*Work order:*
Below are some records. Retype exactly the lines from the one containing "Shelton landed on" through the one containing "Профессиональный ремонт на", both included, skipping every picture.

*Records to process:*

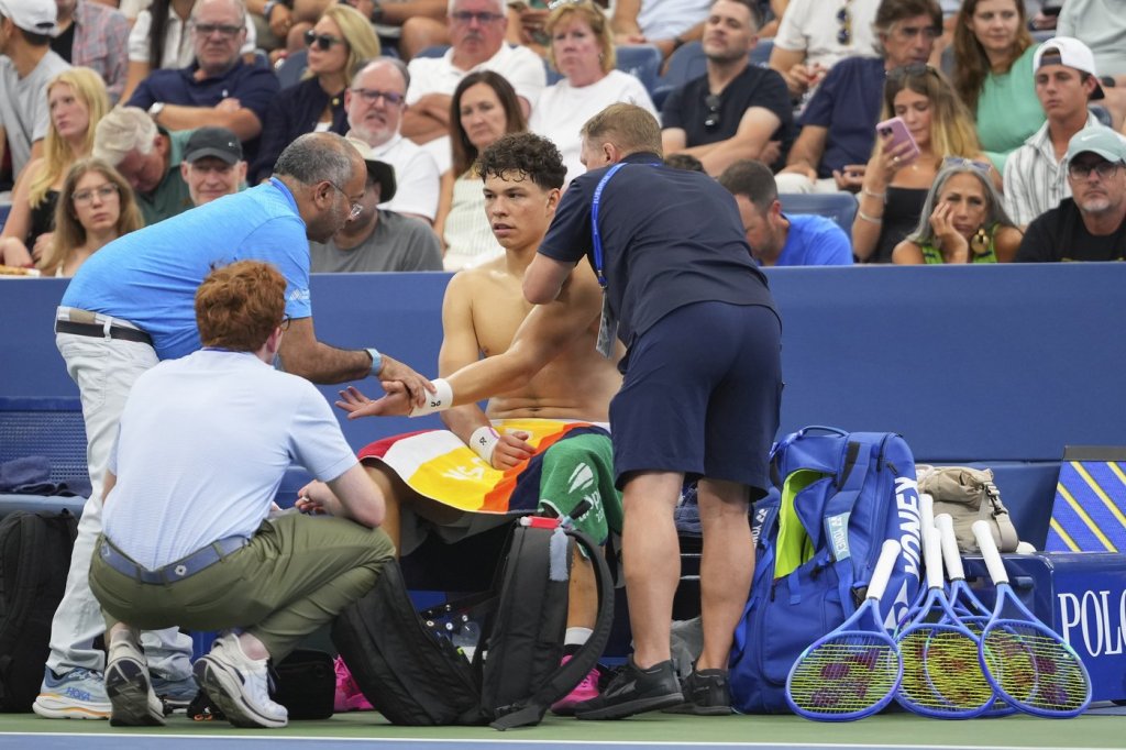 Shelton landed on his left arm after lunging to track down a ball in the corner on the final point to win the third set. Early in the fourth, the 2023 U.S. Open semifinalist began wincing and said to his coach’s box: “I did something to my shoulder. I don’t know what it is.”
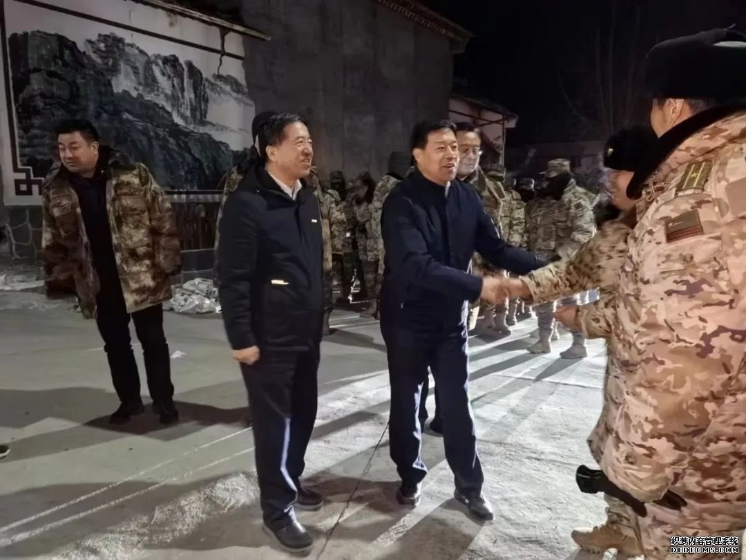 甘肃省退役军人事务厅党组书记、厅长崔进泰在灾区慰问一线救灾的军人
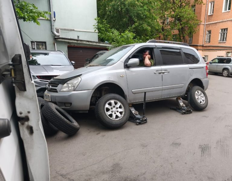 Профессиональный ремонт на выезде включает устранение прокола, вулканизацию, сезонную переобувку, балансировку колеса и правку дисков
...
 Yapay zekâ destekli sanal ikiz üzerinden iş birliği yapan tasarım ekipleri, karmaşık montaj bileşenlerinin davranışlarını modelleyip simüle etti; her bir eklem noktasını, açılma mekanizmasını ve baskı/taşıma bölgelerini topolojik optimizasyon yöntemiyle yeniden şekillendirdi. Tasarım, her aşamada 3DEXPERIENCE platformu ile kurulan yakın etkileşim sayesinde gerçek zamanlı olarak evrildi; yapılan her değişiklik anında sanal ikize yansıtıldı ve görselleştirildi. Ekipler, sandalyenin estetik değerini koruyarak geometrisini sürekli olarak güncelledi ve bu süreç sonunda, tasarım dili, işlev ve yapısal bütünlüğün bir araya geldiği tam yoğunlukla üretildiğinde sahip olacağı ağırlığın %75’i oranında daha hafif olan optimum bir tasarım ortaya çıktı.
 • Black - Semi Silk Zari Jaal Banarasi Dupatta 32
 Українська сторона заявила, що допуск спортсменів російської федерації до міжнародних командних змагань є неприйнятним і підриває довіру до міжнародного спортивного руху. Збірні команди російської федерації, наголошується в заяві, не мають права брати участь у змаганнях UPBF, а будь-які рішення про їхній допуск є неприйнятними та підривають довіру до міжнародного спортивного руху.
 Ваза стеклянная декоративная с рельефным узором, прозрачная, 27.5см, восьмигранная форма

*Solution to the exercise:*
 Shelton landed on his left arm after lunging to track down a ball in the corner on the final point to win the third set. Early in the fourth, the 2023 U.S. Open semifinalist began wincing and said to his coach’s box: “I did something to my shoulder. I don’t know what it is.”
 甘肃省退役军人事务厅党组书记、厅长崔进泰在灾区慰问一线救灾的军人
 Профессиональный ремонт на выезде включает устранение прокола, вулканизацию, сезонную переобувку, балансировку колеса и правку дисков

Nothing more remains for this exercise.